David Forman was an American Revolutionary soldier.
Background
David Forman was born in Monmouth County, New Jersey, the son of Joseph Forman, a wealthy New York shipping merchant, and Elizabeth (Lee) Forman. He was descended from Robert Forman, a dissenter, who emigrated from Buckinghamshire, England, to Holland and thence to America, where he became one of the eighteen patentees of Flushing, on Long Island (1645), and died at Oyster Bay in 1671.
Education
David Forman is said to have attended the College of New Jersey, but did not graduate.
Career
He was commissioned brigadier-general by the New Jersey legislature in the spring of 1777 and commanded the Jersey militia at the battle of Germantown (October 1777). Shortly thereafter Washington permitted Forman to withdraw his uneasy militia from the main army, Major-General Philemon Dickinson having expressed concern for the safety of the Jerseys.
Forman resigned his commission in November 1777 because of differences with the legislature. He was later attached to Major-General Charles Lee’s staff by Washington’s order, presumably because of his knowledge of the region.

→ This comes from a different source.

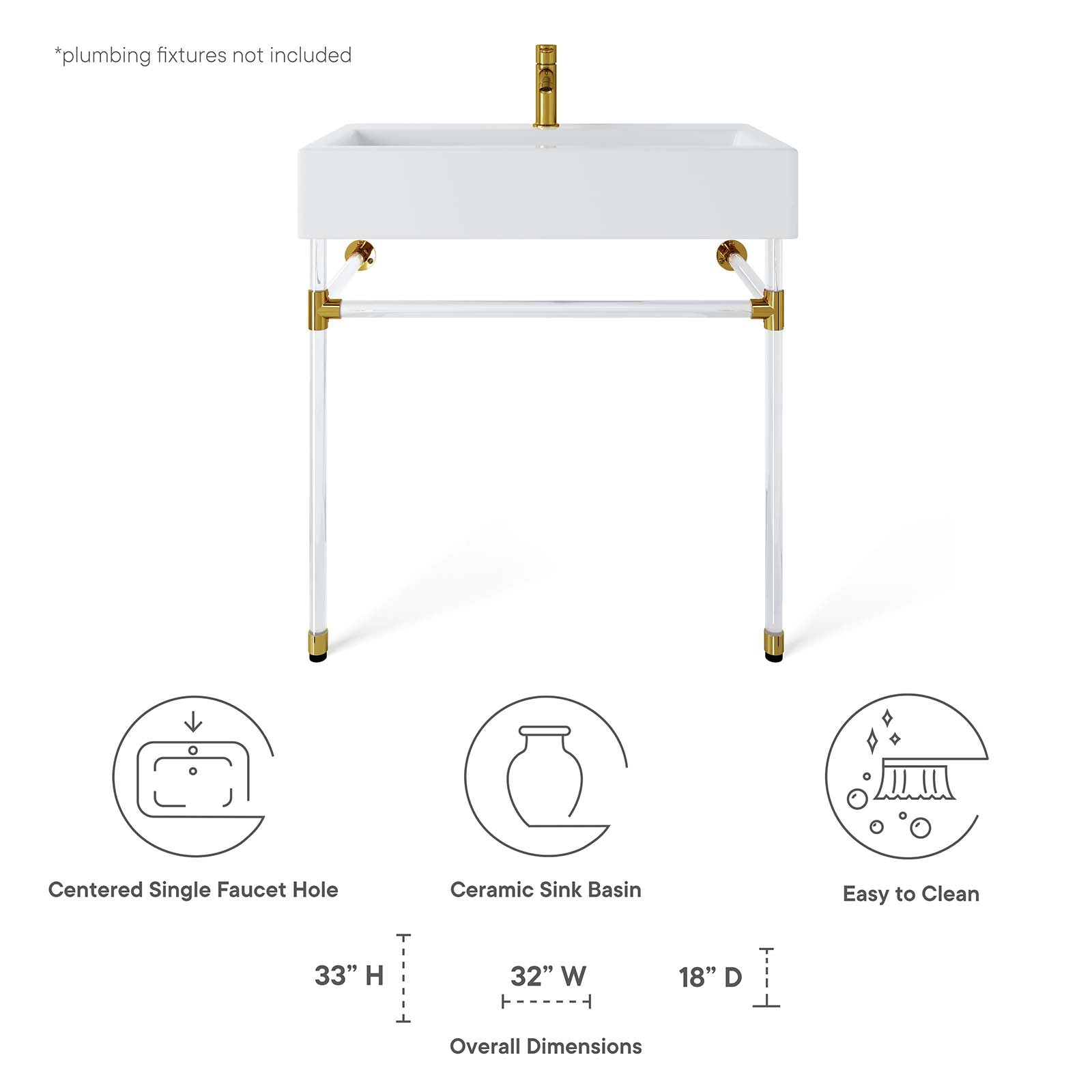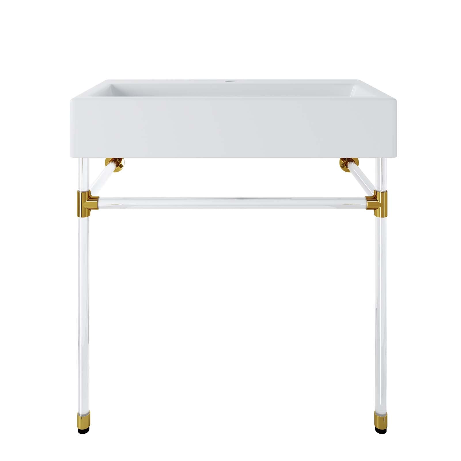 Create a bathroom oasis with the minimalist style and efficiency of the Redeem Wall-Mount Acrylic Bathroom Vanity. The glossy white ceramic basin and streamlined acrylic frame affix directly and securely to the bathroom or powder room wall. Redeem dispenses gentility in spaces large and small, resting confidently on a sturdy acrylic frame with gold joints for added stability. This bathroom vanity has a single faucet hole and is outfitted with non-marking foot caps to protect your bathroom floor. Assembly required and fixtures not included.

Lee petulantly refused his aid, and following the battle of Monmouth (June 1778), Forman joined the other officers in testifying against Lee at the court martial. Throughout the remainder of the war he busied himself with the suppression of the pine robbers and armed Loyalist refugees of the Jersey coast. His harsh treatment of the disaffected, characterized by inhumanity, earned for him a reputation for brutality in a vicious partisan warfare. He also kept Washington informed of the movements of British vessels off the adjacent coast (1780 - 82).
In the spring of 1782 the “Honorable Board of Associated Loyalists” in New York sent an expedition against a Continental post on Toms River commanded by Capt. Joshua Huddy. Huddy was captured, taken to New York, and hanged.
Forman repaired to Washington’s headquarters to demand retaliation. Washington wrote to the British commander-in-chief demanding that those guilty be delivered to the Americans. Sir Henry Clinton ordered a court martial for their trial, but complained of American cruelty in New Jersey, especially in Monmouth County, where Forman, called by the Loyalists “Devil David, ” had been actively persecuting the King’s loyal subjects “with all the vindictiveness of his strong nature. ”
Washington warned Governor William Livingston (May 6, 1782) that he would yield to the British all Jersey militia committing acts contrary to the laws of war. After the war Forman was judge of the court of common pleas for Monmouth County.
In 1794 he moved to Chestertown, Kent County, Maryland, and later visited Natchez, where he owned a large estate. Attacked by apoplexy while there, he recovered somewhat, and sailed from New Orleans for New York.
The vessel was captured by a British privateer in the Gulf and taken to the Bahamas, during which voyage Forman died.
Achievements
Connections
On February 28, t767, he married Ann Marsh, by whom he had eleven children.